There’s always one, and this year’s throw-down-the-gauntlet gut-churner was The Human Centipede, about an insane surgeon who kidnaps test subjects and grafts them into fleshy chain, mouth to anus.

It’s a truly horrific (and therefore inspired) concept, especially when you pause to think it through. That’s right: the first in the chain must ‘feed’ the second, and so forth, until the recycled waste finally comes out the far end.

As Stephen King says, there are three levels to horror: terror, horror, gross-out, and if you can’t achieve the first you go for the second, then the third - whatever it takes to punch out that reaction.

Interestingly, though, The Human Centipede is not what it’s cracked up to be.

Firstly, it is not, actually, nearly as vomit-inducing and the hype suggests. Far from being this year’s Irreversible, Martyrs or Inside, films that push boundaries, it is (relatively speaking) a rather tame affair.

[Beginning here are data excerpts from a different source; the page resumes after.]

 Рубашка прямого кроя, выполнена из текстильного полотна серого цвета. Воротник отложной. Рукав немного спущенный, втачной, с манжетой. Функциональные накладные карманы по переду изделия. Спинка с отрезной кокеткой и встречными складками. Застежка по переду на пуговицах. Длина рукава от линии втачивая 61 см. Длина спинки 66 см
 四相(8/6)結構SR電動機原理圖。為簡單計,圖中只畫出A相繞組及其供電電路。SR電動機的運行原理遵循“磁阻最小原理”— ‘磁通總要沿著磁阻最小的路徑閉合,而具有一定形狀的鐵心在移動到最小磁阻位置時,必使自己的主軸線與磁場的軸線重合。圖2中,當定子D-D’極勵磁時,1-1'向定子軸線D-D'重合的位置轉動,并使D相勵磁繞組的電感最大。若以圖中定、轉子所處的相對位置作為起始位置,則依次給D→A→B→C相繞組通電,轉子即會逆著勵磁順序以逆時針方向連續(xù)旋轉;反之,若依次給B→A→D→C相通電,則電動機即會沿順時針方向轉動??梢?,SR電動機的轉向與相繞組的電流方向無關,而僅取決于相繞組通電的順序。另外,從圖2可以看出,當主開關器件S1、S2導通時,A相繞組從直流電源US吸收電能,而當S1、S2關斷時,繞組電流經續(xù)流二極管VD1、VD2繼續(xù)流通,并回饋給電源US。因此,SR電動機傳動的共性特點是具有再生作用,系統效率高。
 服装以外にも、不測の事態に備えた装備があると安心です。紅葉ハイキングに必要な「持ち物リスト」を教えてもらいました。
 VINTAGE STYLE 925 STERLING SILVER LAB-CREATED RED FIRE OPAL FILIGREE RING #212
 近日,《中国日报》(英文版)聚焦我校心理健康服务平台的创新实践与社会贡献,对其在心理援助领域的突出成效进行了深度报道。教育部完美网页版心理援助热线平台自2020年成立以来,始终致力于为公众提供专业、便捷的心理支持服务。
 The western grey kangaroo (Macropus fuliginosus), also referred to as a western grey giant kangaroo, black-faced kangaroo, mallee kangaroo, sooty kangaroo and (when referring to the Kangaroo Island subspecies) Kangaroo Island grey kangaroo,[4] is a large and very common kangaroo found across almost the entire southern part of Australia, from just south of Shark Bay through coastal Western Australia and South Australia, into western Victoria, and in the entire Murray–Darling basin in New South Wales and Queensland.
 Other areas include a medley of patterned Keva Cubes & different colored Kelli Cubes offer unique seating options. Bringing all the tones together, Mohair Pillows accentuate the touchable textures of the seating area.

Perhaps showing surprise restraint, certainly trusting that the concept takes things far enough all on its own, director Tom Six holds back from showing too much detail. Rather ridiculously, those in the human centipede are allowed to keep their underwear on, plus bandages, thus preserving some sort of modesty even when shuffling around the garden sucking arse.

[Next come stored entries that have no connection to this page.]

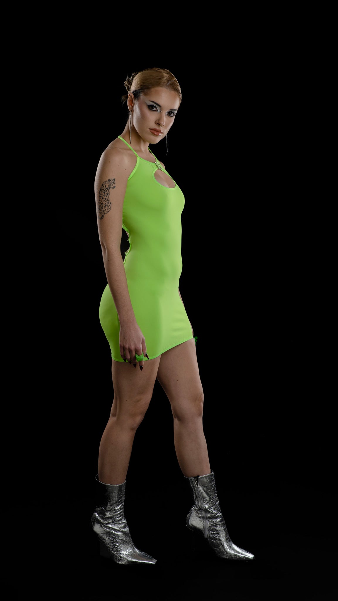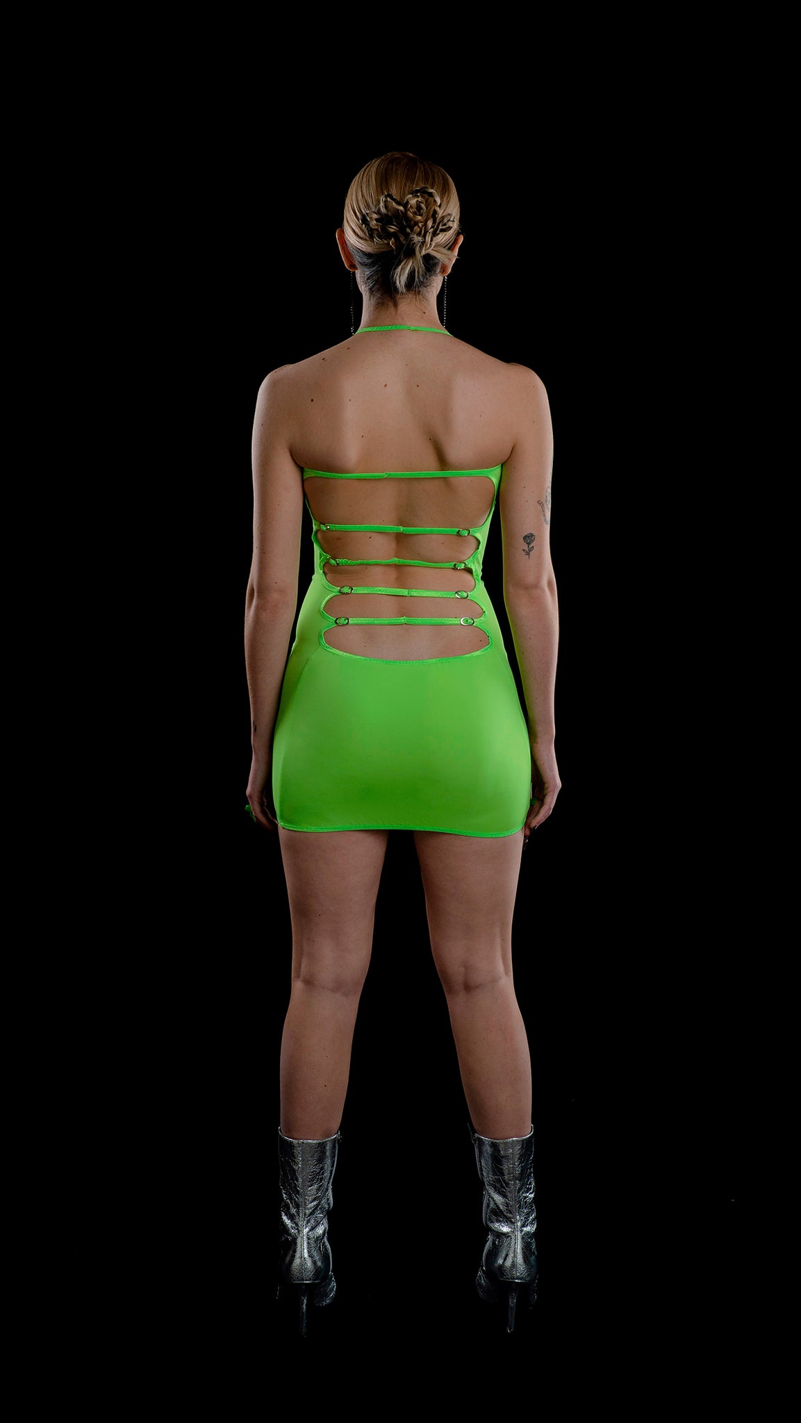Vestido mini de lycra con cut out en escote y broche con cristales. Cuello halter, escote en espalda con tiras horizontales.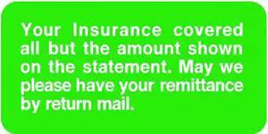 Insurance Labels, Your insurance covered all but the amount shown on the statement. - Green 2" X 1" (Pack of 252)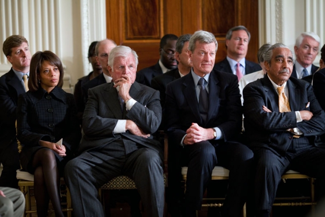 Sen. Ted Kennedy, along with White House Domestic Policy Council Director Melody Barnes, left, Sen. Max Baucus (D-MT), second from right, and Rep. Charles Rangel (D-NY) listen during a Health Care Summit second session in the East Room of the White House March 5, 2009. Sen. Kennedy's son, Rep. Patrick Kennedy (D-RI), is seated in second row at left.
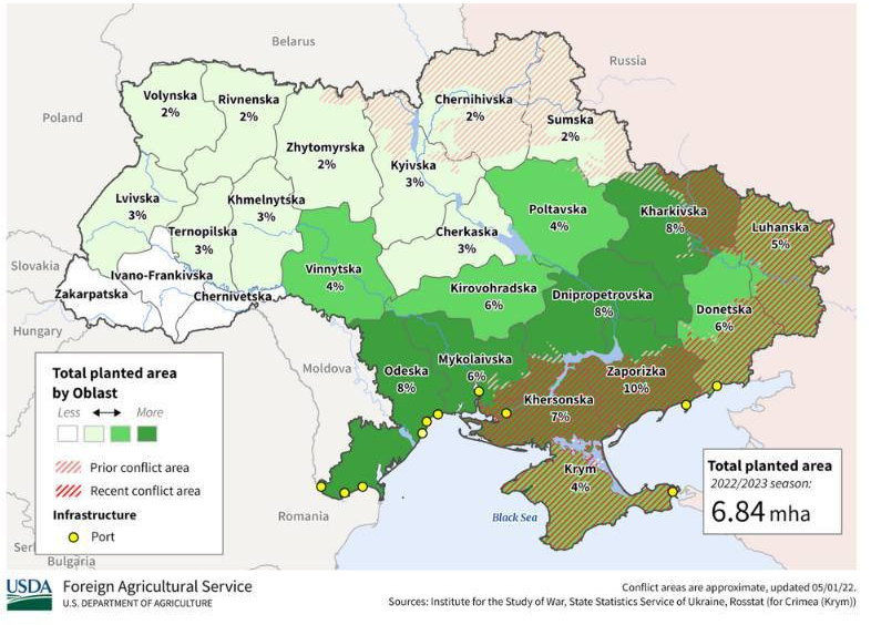 Сообщается, что снижение производства из года в год связано с продолжающимся вторжением России в Украину. Обрабатываемая площадь уменьшилась на 21% по сравнению с 2021 годом, а урожайность прогнозируется на уровне 3,68 тонны с гектара, что на 18 процентов меньше, чем в прошлом году.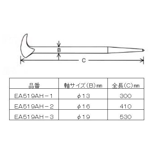 ●材質…ハイカーボンスチール●全長…530mm●先端幅…21mm●軸径…19mm●重量…895g●頑丈な鍛造ヘッド●黒色酸化仕上げで錆を防止します。●先端が曲がっているため、狭い場所でもテコの力が作用します●もう一方の端は整えるのに適しています。●※使用の際は保護メガネをつけて下さい。●参考在庫数・商品詳細・サイズ情報はメーカー(参考)URLからもご確認いただけます。 ●最小出荷単位: 1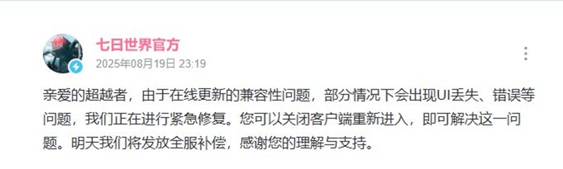 七日世界项目组表示在游戏更时,游戏中出现兼容性问题,目前开发团队已进行紧急修复。问题包括部分情况下会出现UI丢失、错误等问题等,官方发文表示将全服补偿,我们来一起看看。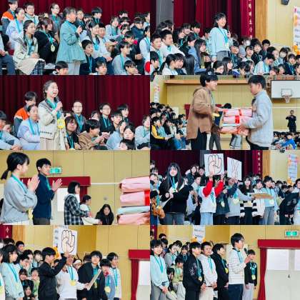 6年生クイズをしたり、校長先生と一緒にジャンケンをしたり、晴明丘小学校のみんなで「最高到達点」を歌ったり、楽しい時間を過ごしました。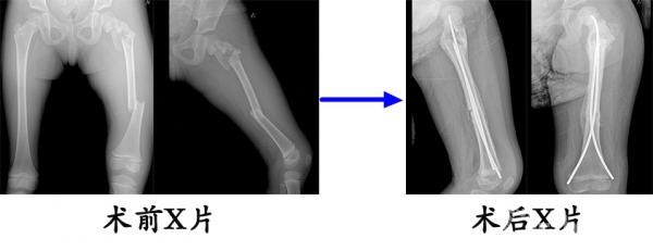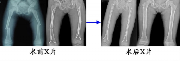 12.6岁,女,双侧股骨干骨折,在外院初次手术(髓内针直径过小,尾帽使用不当)复位不成功,来我院翻修(调整弹性髓内针直径,去除尾帽),翻修术后8个月,骨愈合良好,拆除弹性髓内针。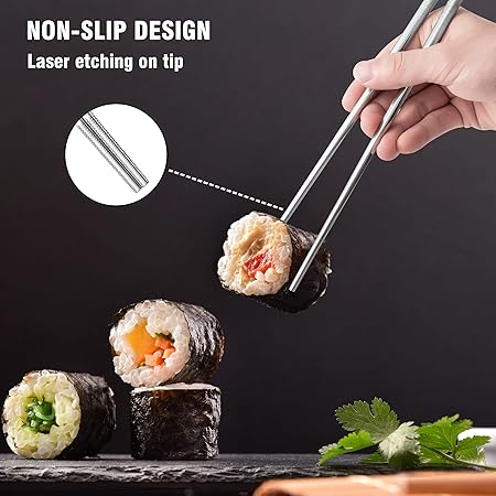 ✿ 【Kaymaz tasarım】 Metal yemek çubuklarımız kaymaz bir uca ve kare gövdeye sahiptir. Kolay kavranır ve yeni başlayanlar için uygundur. Paslanmaz çelik yemek çubuklarının ucundaki güçlendirilmiş lazer aşınma, metal yemek çubuklarını daha kolay kavrar ve kaymaz. Kare gövdeli metal yemek çubuklarının kullanımı kolaydır ve elde rahat tutulur.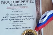 « Ләйсән “ балалар бакчасы коллективы тагын бер җиңүгә ия булды! Бөтенрәсәй смотр- конкурсы “ Образцовый детский сад” конкурсында җиңүче булды! Медаль һәм удостоверение белән бүләкләнде. Коллективның бердәм булувы, дус һәм көчле булувы менә шундый җиңүләр алып килә! -

Six would argue that it is to protect their scars - a quote on the poster proclaims the film ‘100% medically accurate’ (!) - but it’s really no different to watching Julia Roberts receive CPR with her bra still on in Flatliners.

Centipede is a black comedy, which is perhaps the most shocking thing about it. Those hoping for clinically delivered carnage of the sort Cronenberg or Haneke excel at will be sorely disappointed, as evidenced the moment we meet our arch villain, Dr Josef Heiter (Dieter Laser), leafing through photos of his three-dog. Six is more interested in eliciting wry sniggers than dry heaves.

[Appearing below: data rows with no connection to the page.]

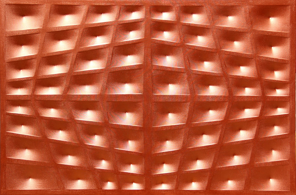Stefano BRUNELLO (Ferrara 1967 ) Struttura divergente assimetrica 2016 acrilico su tela estroflessa riportata su tavola cm. 80 x 120"Cesare Berlingeri Stefano Brunello Piegata progressione", a cura di L. Caprile, catalogo della mostra al Museoteatro della Commenda di Prè, Genova, 3 febbraio-4 marzo 2017, Poleschi Arte, Milano, Muma, Genova p. 24Firma, data, titolo, numerazione "Brunello, 2016, Struttura divergente assimetrica, AS044/16" (al retro) Autentica dell'artista su fotografia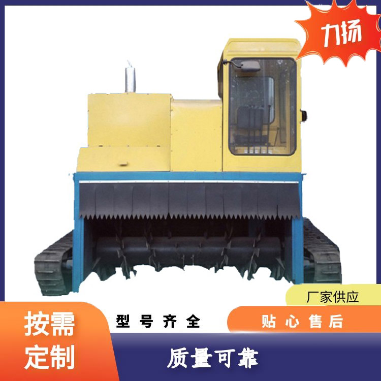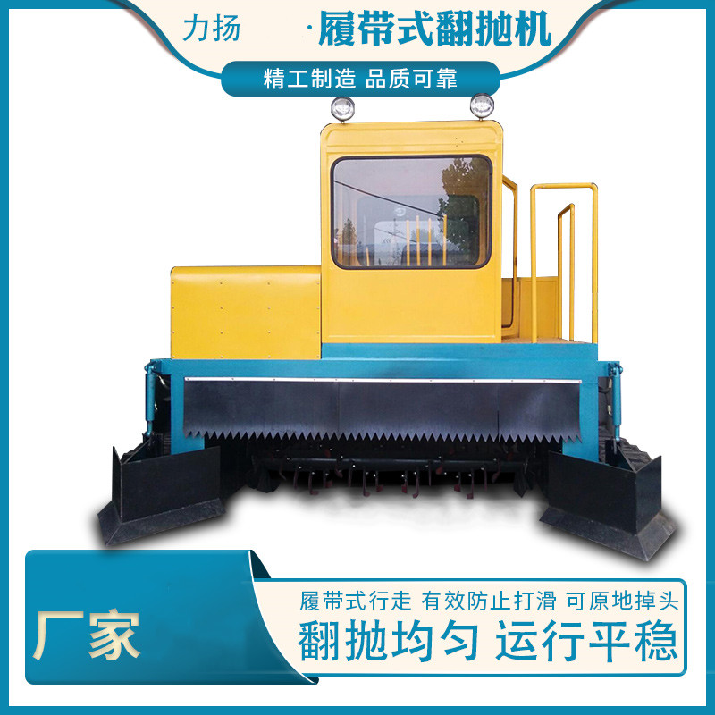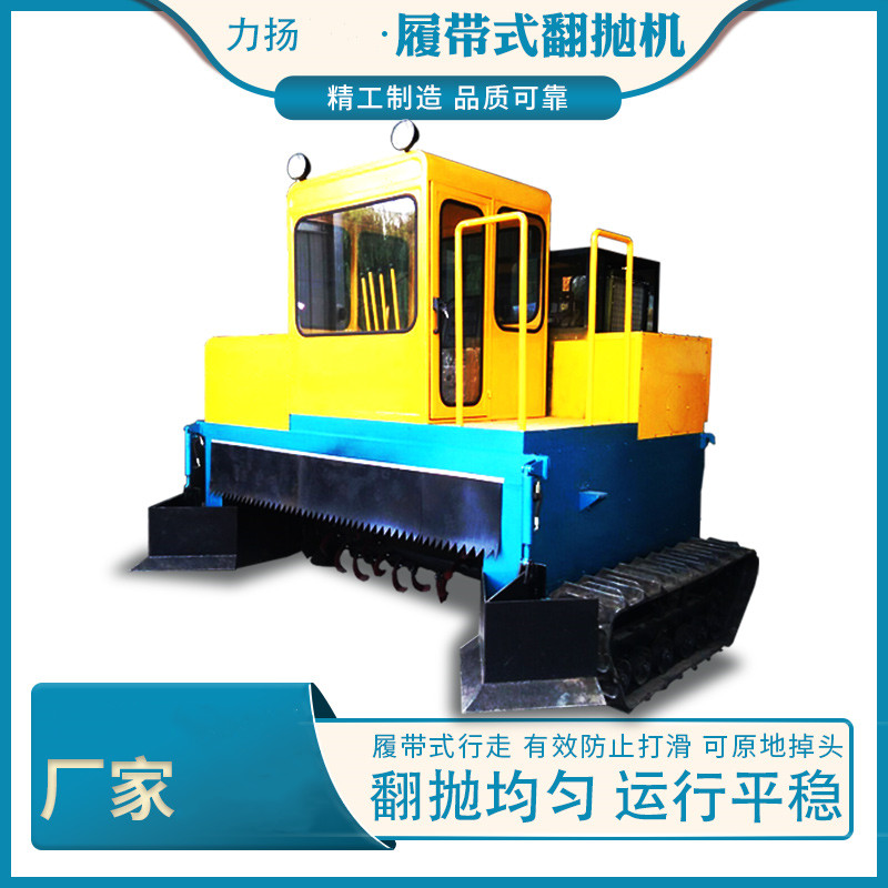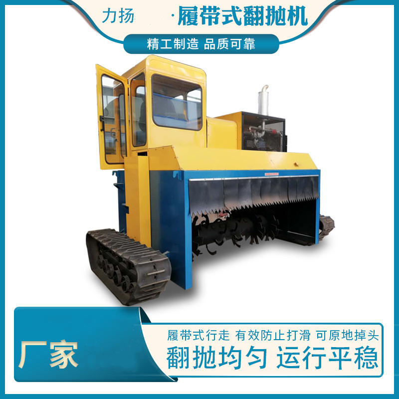 履带式翻抛机能取代高强度人工翻堆或铲车翻堆。机械化高效连续翻堆作业可显著改进三角形或梯形料堆的通风供氧,从而加快物料发酵腐熟和去除水分。该翻堆机一般应具有决裂、搅拌、翻抛和堆垛功能。其结构特点表现为:翻抛滚筒可液压升降,便于疗养地隙;滚筒螺旋叶片可拆卸,维修更换便捷;采用液压马达驱动履带,附着力好,接地比压小,地面经过进程能力强;采用履带行走占地少,转弯灵活,可以或许原地掉头,提高物料堆放场地利用率。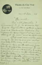 Dans la seconde lettre datée du 31 août 1885, Salis demande à un directeur de théâtre “de tenir à la disposition du Chat Noir…

Unfortunately, his movie is also not what it’s cracked up to be in terms of quality. Expected to be one of the stand-outs of FrightFest, it instead proved itself to be a slow-moving, repetitive affair that has nowhere left to go by the hour mark.

After all, once you’ve captured your subjects and done the science and they’re now shambling across the living room floor, fetching a newspaper like a centi-dog, the story’s done. The second half descends into formula as the cops come a-sniffing.

It also doesn’t help that Laser is something of a pantomime villain (and a knowing nod to the distinguished chain of mad movie scientists), all bulging eyes under dark glasses.

Still, The Human Centipede is one of those films you have to see just to say you have. The concept remains robust no matter how many times you poke at it and the film has several scenes (all in the first hour) that come close to delivering on it.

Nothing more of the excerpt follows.